Mike Nartker
NS&D Monitor
2/28/2014
A senior Department of Energy official late this week confirmed DOE has been examining the possible creation of a new organization that would be responsible for major line-item construction projects, but stressed that the idea was one among many under consideration to help improve how DOE manages projects. “There are a lot of ideas that are floating around. I think one of the things we try to do on project management is sort of do a blue sky look at ideas of things that might work,” Deputy Under Secretary for Management and Performance David Klaus said at a meeting the Energy Communities Alliance in Washington, D.C. “I don’t think I would give greater credibility to that idea or less credibility to that idea other than to say somewhere in that process people have suggested the idea, but it’s not like anything even is closely to the point of rolling in that direction.” Klaus added, “It’s an idea that’s out there. There are a lot of other ideas that are out there on how we can do a better job in project management.”

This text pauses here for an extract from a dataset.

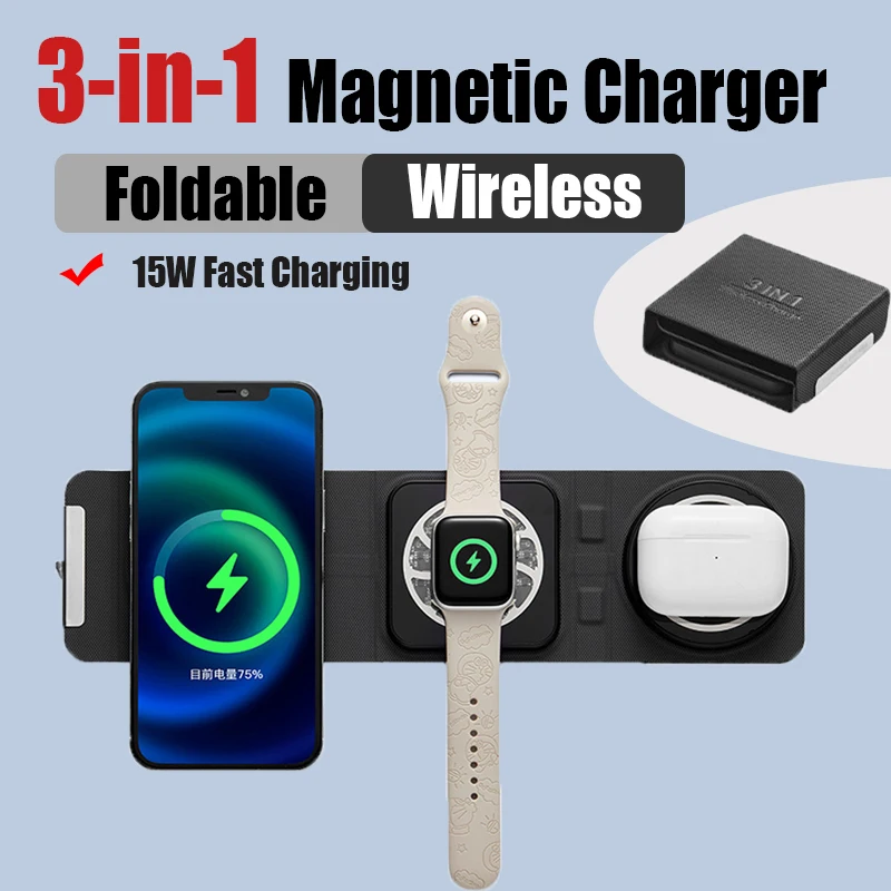 3 in 1 Foldable Charger Simultaneous Fast Charging for iPhone Watch AirPods Magnetic Wireless Power Dock $17.12
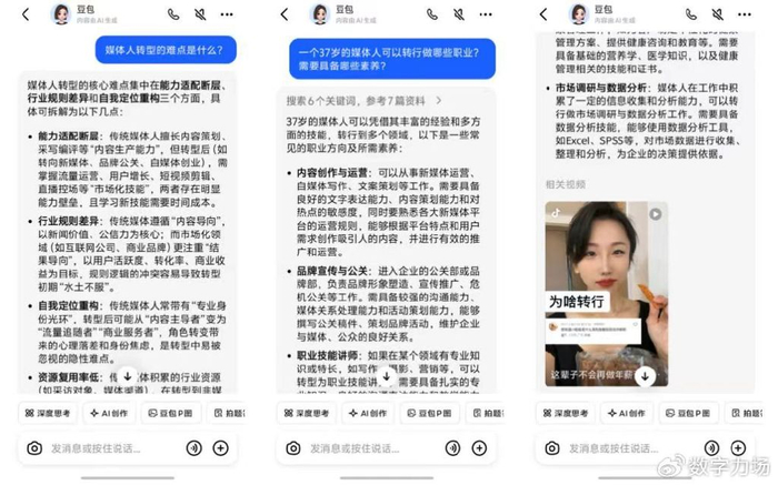 我问豆包跟夸克对话助手“媒体人转型的难点是什么”,接着又追问“37岁媒体人可以转行做哪些职业,需要具备哪些素养?”豆包给出的转型选项相对“普适”,对所需素养也讲得较泛;夸克则能抓住“37岁”这点,从高匹配度转行方向、核心素养要求、转型策略三个维度展开了回答,还能提供可参考路径案例、具体技能要求等。

NS&D Monitor first reported earlier this year that DOE was considering creating a new Departmental organization that would be responsible for major line-item construction projects across various programs, including the Office of Environmental Management and the National Nuclear Security Administration (NS&D Monitor, Vol. 18 No. 3). Both EM and NNSA have faced heavy scrutiny for years over their management of major construction projects, most of which have experienced significant cost-and-schedule increases. In EM, such projects include the Hanford Waste Treatment Plant, the Savannah River Site’s Salt Waste Processing Facility and the Idaho Sodium-Bearing Waste Treatment Facility. In the NNSA, such projects have included the Uranium Process Facility located at Y-12, the Chemistry and Metallurgy Research Replacement Facility at Los Alamos National Laboratory and Savannah River’s Mixed Oxide Fuel Fabrication Facility. In early 2013, the Government Accountability Office partially removed EM and NNSA from its biannual “high-risk” list, narrowing its remaining concerns to EM’s and NNSA’s major construction projects and high-value management and operating contracts.